For over three years Results Engineering helped build the OCEAN and OCEAN 2 systems which automate the Home Energy Assistance and Weatherization Programs for the State of Ohio.
Ohio No. 1 for Weatherization
Tally of 6,814 energy-saving projects for poor far outpaces all other states' use of stimulus
Tuesday, February 23, 2010 2:47 AM
THE COLUMBUS DISPATCH
Ohio leads the nation in spending stimulus money to weatherize houses for low-income residents, completing more than one in five of the projects reported nationally last year.
"Their numbers are great," said Cathy Zoi, assistant secretary for energy efficiency and renewable energy at the U.S. Department of Energy. "They have set the gold standard for weatherization."
Ohio completed 6,814 projects under the Home Weatherization Assistance Program from July 1 to Dec. 31, according to new data released by the Energy Department. The next closest state was Mississippi, with 1,472 projects.
Nationwide, 30,252 projects were completed.
The program provides insulation, weather sealing and furnace upgrades to save energy for homeowners who make as much as double the U.S. poverty rate, $44,100 for a family of four.
The Ohio Department of Development is spreading out $267 million in federal stimulus money among 58 agencies that provide the services across the state through spring 2011. It expects to reach 32,000 households.

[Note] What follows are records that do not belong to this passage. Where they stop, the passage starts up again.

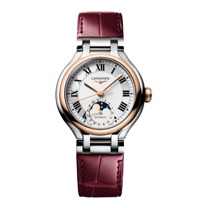 Longines Primaluna Moonphase, Automatik Uhr, Ø 34.00 mm, Edelstahl mit 18 Karat Roségold Cap 200. Gangreserve von ca. 72 Stunden, Alligatorleder mit Dreifach-Sicherheitsfaltschließe und Drückern
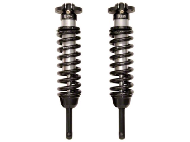 ICON Vehicle Dynamics V.S. 2.5 Series internal reservoir front coilover shocks are an incredible upgrade for the front end of the 2005-2023 Toyota Tacoma. These adjustable coilovers allow up to 0-3.5" of lift height adjustability on 2005-2015 models or 0-2.75" of lift height adjustability on 2016-2023 models, allowing the use of larger, more aggressive wheel and tire combinations. ICON's Vehicle-specific shock length and valving along with the larger 2.5" shock body and increased piston area over stock components yield the maximum travel possible along with superior ride quality and suspension performance both on- and off-road. Their extended travel length allows for more wheel travel but also requires the installation of aftermarket front upper control arms. When paired with ICON 2.0 or 2.5 Aluminum Series rear shock absorbers vehicle control will be balanced front to rear, resulting in the best overall driving experience for your Toyota Tacoma.
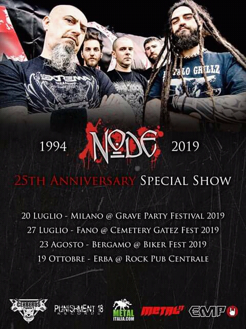 Per celebrare i 25 anni di attività, la band death metal milanese Node annuncia alcuni concerti i cui dettagli sono di seguito. I concerti vedranno una set-list speciale dedicata interamente alla loro storia, partendo dunque dall’dall’EP di esordio “Ask” fino a oggi, con una larga parentesi dedicata a “Das Kapital”, album pubblicato 15 anni fa.
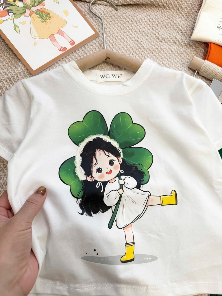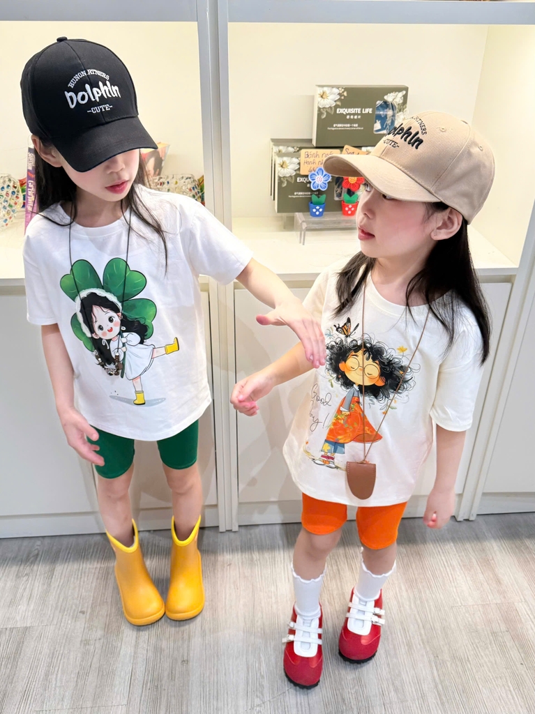 BT839-Combo 2 bộ thun cộc tay trắng cam xanh bé gái 9-26kg
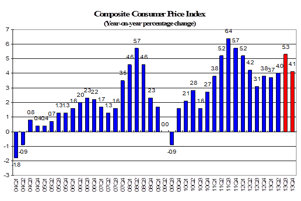 - The general price level, as measured by the Composite CPI, rose by 4.5% in August 2013. The headline consumer inflation rate is estimated to be 5.3% in 13Q3 and after stripping out the effect of the public housing waiver implemented last year, the rate would only be 4.3% in the third quarter. Relative stable in food prices and rentals will cause the price level to stand at around 4.0% in the near term. The consumer inflation rate is forecast to be 4.1% in the current quarter. For year 2013 as a whole, it is estimated to be 4.3%, only a slight increase as compared to the 4.1% inflation rate in 2012.
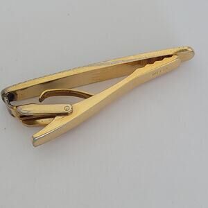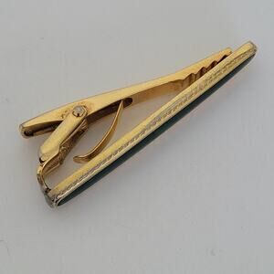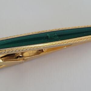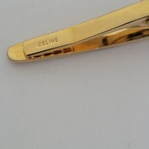 Celine Tie Bar Clip Clasp Gold Green Tone 2in Logo Vintage Glam Carriage Logo
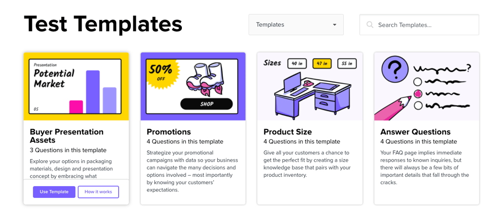 On our new Templates page in the Helio Learn section, you can select from over 70 preset survey and test layouts complete with detailed breakdowns and examples images to quickly get you over the hump of starting off that next project.
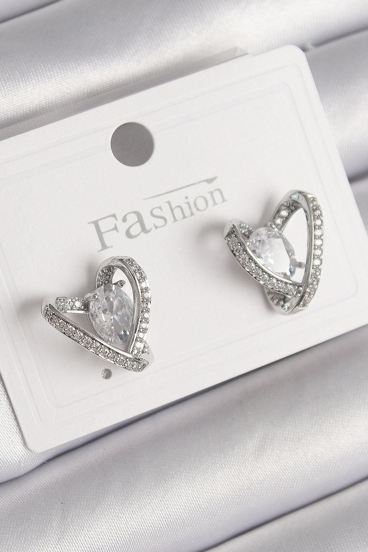 YRTCL Pirinç Gümüş Renk Zirkon Taşlı Kalp Model Kadın Küpe
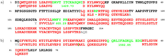 The alignment of the gapped strings against the respective protein sequence: (a) for the light chain of alemtuzumab; (b) for ubiquitin (a contaminant from the CAH2 sample). The matching fragments (up to the I/L substitution) of the gapped strings and protein sequences are marked in red; the spurious amino acids of the gapped strings are shown in gray. The gap sizes (in Da), along with the corresponding fragments of the protein sequences, are depicted in green. The zero-size gap between two adjacent fragments of ubiquitin that appeared as part of the input is indicated with the green vertical bar. The gap in the second gapped string for the light chain of alemtuzumab, labeled with the green asterisk, comprises Da, and thus, approximately equals the mass of its corresponding dimer RP. All the other gaps accurately match the respective theoretical estimates as well.
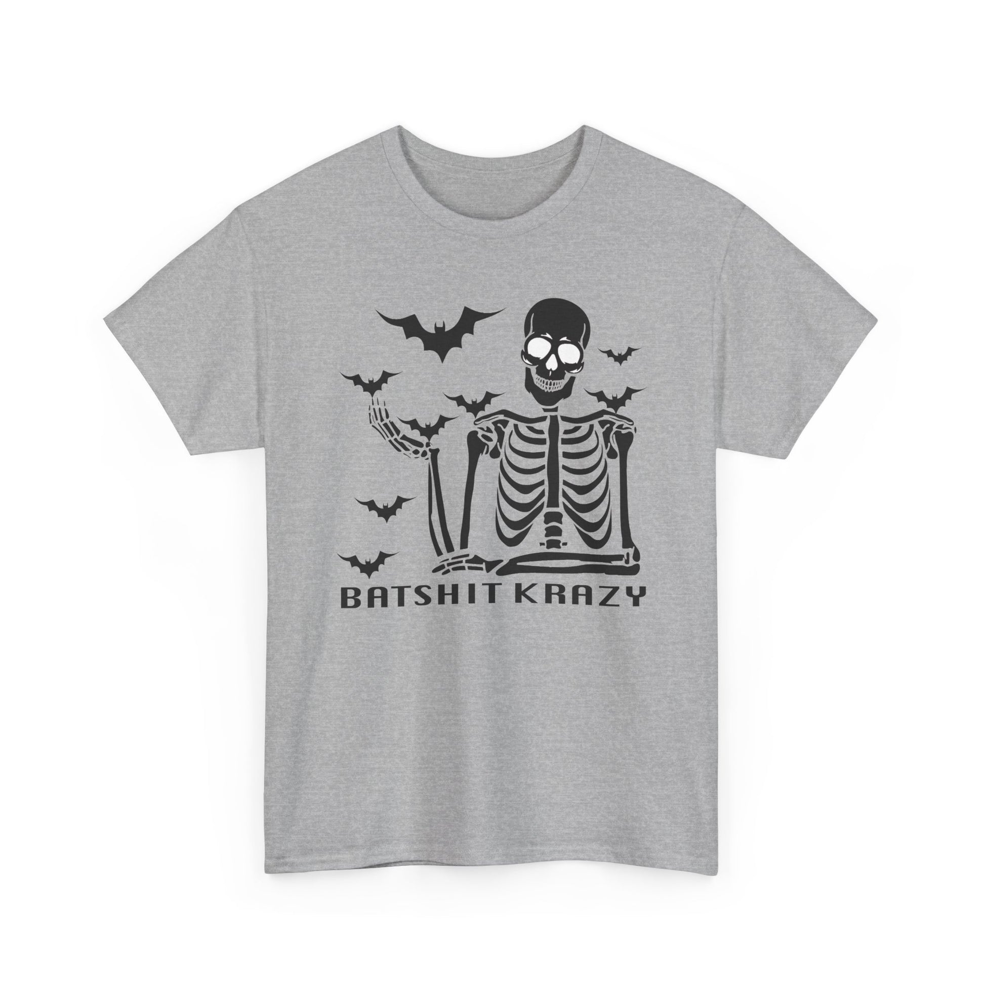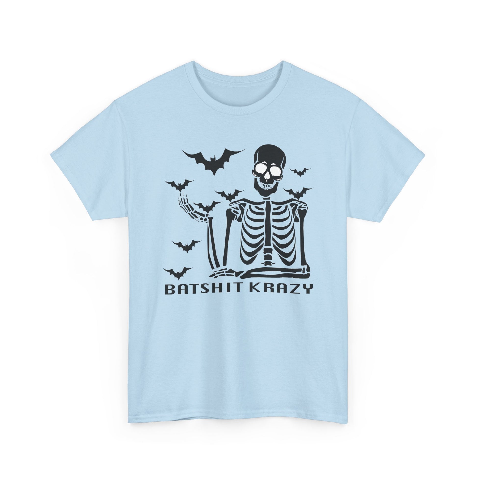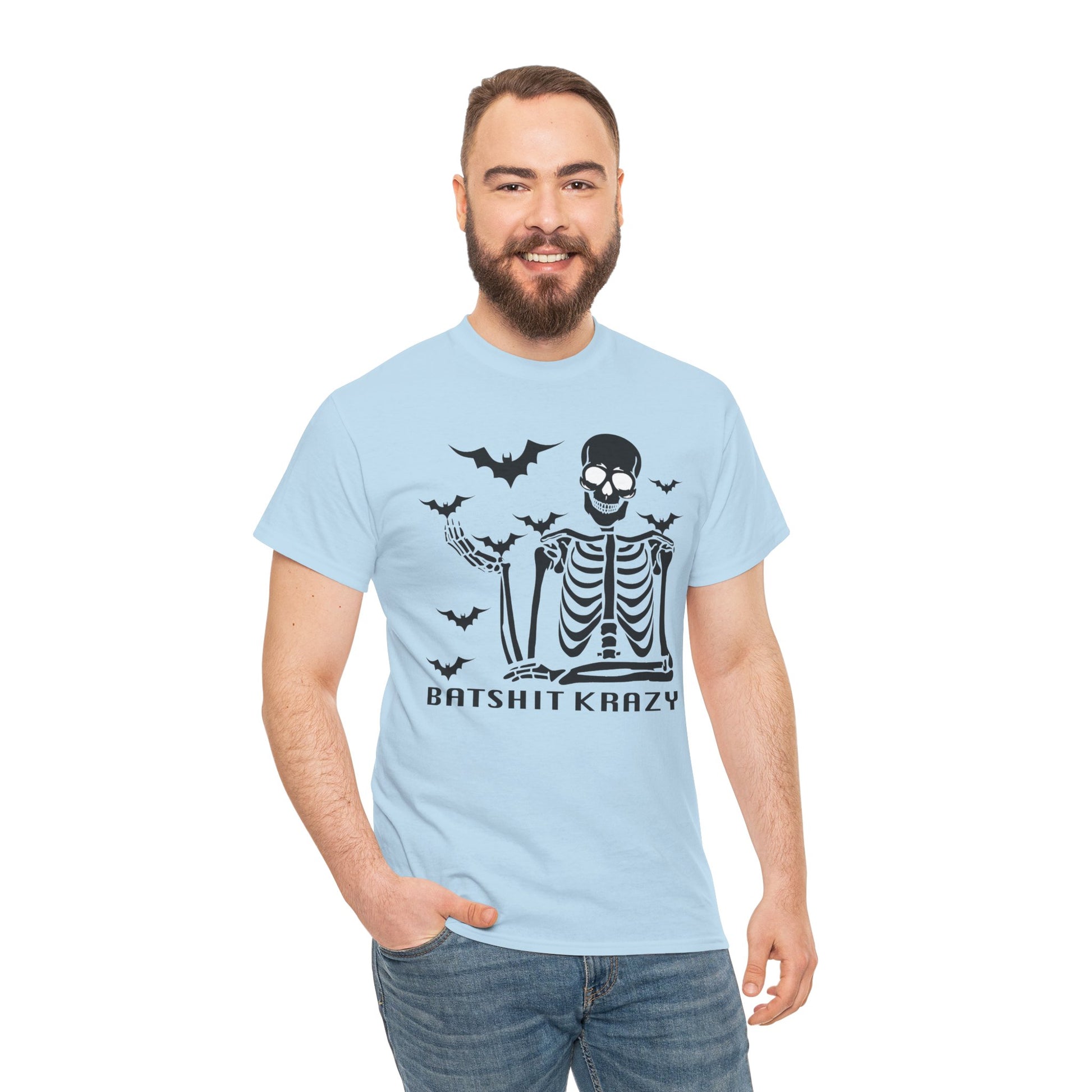 This Unisex Heavy Cotton Tee is perfect for those who love to express their unique style with a touch of humor. Featuring a playful design, it brings a fun and spirited vibe to any casual outfit. Made for comfort and durability, this tee is ideal for everyday wear, making it a staple in your wardrobe. It's great for a laid-back day at home, a night out with friends, or festive gatherings during Halloween and other playful celebrations. Each shirt is designed for adults and is perfect for gifting to friends or family members who appreciate a little eccentricity in their fashion. Whether you’re enjoying a relaxed weekend or joining in on spooky festivities, this tee never fails to bring a smile and a great laugh! Batshit Krazy Skeleton Tee | Unisex Halloween Shirt, Spooky Graphic Tee, Fun Gift for Halloween, October Party, Casual Wear

Ohio had received $30 million for the program in 2008. It spent nearly $51 million in stimulus dollars through Dec. 31 last year, most of it in the last six months of the year.
Ohio got a jump on other states, Zoi said, because it already had a strong weatherization program.
Ohio also started doing projects almost immediately after it was given permission to do so on July 1, she said. Other states waited for federal officials to clarify prevailing-wage laws for weatherization workers, she said.
Ohio took the department's advice and started work immediately, planning to fix any wage problems once the federal guidance was approved.
"They quickly got into their (stimulus) money while other states just waited," she said.
Still, the U.S. Government Accountability Office and others have warned that Ohio's quick-moving program is open to "waste, fraud and abuse." Under federal rules, the state plans to inspect just 5 percent of the weatherization projects completed using the stimulus money.
But Zoi said she's not worried.
"There's nothing that indicates to me that there would be any cause for concern," she said.
Donald Skaggs, who helps oversee the weatherization program at the Ohio Department of Development, said the state was able to spend about 10 percent of the stimulus money starting last spring to begin training workers for the stepped-up program.
"We decided we couldn't wait until (the federal wage laws) were clarified," he said.
Once the government did clarify the prevailing-wage rules on Sept. 3, agencies had to pay workers additional money retroactively in some cases.
Depending on which county they work in, he said, weatherization workers are paid about $10 to $20 an hour. The program has created 997 jobs and now employs a total of 2,482.
Though Ohio is leading the program now, Zoi said she expects other states to catch up this spring.